I recall someone else starting a thread in the same vein:

1. Assume U = the set that contains everything
2. If there's a that U contains everything, U must contain itself

Line 2 might need some explaining. Suppose E = everything. U = {E}. But then U can't be {E} because we can think of {{E}, E} that's a better match for U. However, {{E}, E} ain't it either because there's {{{E}, E}, {E}, E} [nested sets]...the process reiterates ad infinitum and, I suppose, ad nauseum.

There's also the matter of power sets. Suppose P(A) is the power set of set A, I believe a proven theorem in set theory is that the P(A) > A.

1. There's a U that's the set of everything [assume for reductio ad absurdum]
2. P(U) > U [The theorem I spoke of above]
3 . If U is the set of everything then, any set A is such that A < U
4. Any set A is such that A < U [from 1, 3 modus ponens]
5. If any set A is such that A < U then, P(U) < U
6. P(U) < A [from 4, 5 modus ponens]
7. P(U) > A and P(U) < A [2, 6 conjunction, also a contradiction]
Ergo,
8. There's no U that's the set of everything [1 to 7 reductio absurdum]

E = everything — TheMadFool

In set theory, 'everything' doesn't name a thing. Rather, 'everything' is used for quantification.

(1)

Suppose ExAy yex. ("There exists an x such that every y is a member of x")

Let Ay yeU.

So UeU.

'UeU' is not a contradiction (self membership is consistent with ZFC-regularity).

(2) Cantor's paradox

Suppose ExAy yex.

Let Ay yeU.

So PU is a subset U. ("The power set of U is a subset of U")

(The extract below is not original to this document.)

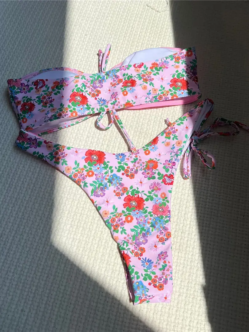 Floral Print Bandeau Bikini Top & Bottom Swimsuit Set
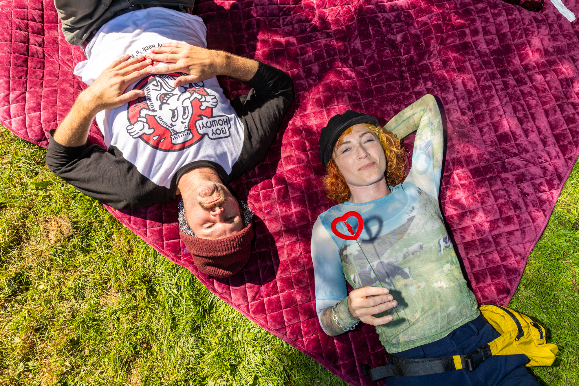 Joe Mitchell (left) and Sara Rubenstein (right) pose for a portrait at their tabling session for Creative Mutual Aid at the Conservatory of Flowers in San Francisco on Aug. 31, 2025. Creative Mutual Aid, a group of Sara Rubenstein and Joe Mitchell, aims to bring mutual aid to San Francisco parks whether it’s through free trinkets, or providing household items. (Tâm Vũ/KQED)

So Ef f is an injection from PU into U.

So Ef f is a surjection from U onto PU.

Previously proved theorem: Ax ~Ef f is a surjection from x onto Px.

So ~Ef f is a surjection from U onto PU.

So ~EAy yex.

In set theory, 'everything' doesn't name a thing. Rather, 'everything' is used for quantification.

(1)

Suppose ExAy yex. ("There exists an x such that every y is a member of x")

Let Ay yeU.

So UeU.

'UeU' is not a contradiction (self membership is consistent with ZFC-regularity).

(2) Cantor's paradox

Suppose ExAy yex.

Let Ay yeU.

So PU is a subset U. ("The power set of U is a subset of U")

So Ef f is an injection from PU into U.

So Ef f is a surjection from U onto PU.

Previously proved theorem: Ax ~Ef f is a surjection from x onto Px.

So ~Ef f is a surjection from U onto PU.

So ~EAy yex. — TonesInDeepFreeze

Above my paygrade fellow forum member. Thanks for the effort. Much appreciated! When I do get round to studying set theory in earnest, I might just be able to have a intelligent conversation with those like you who know their stuff.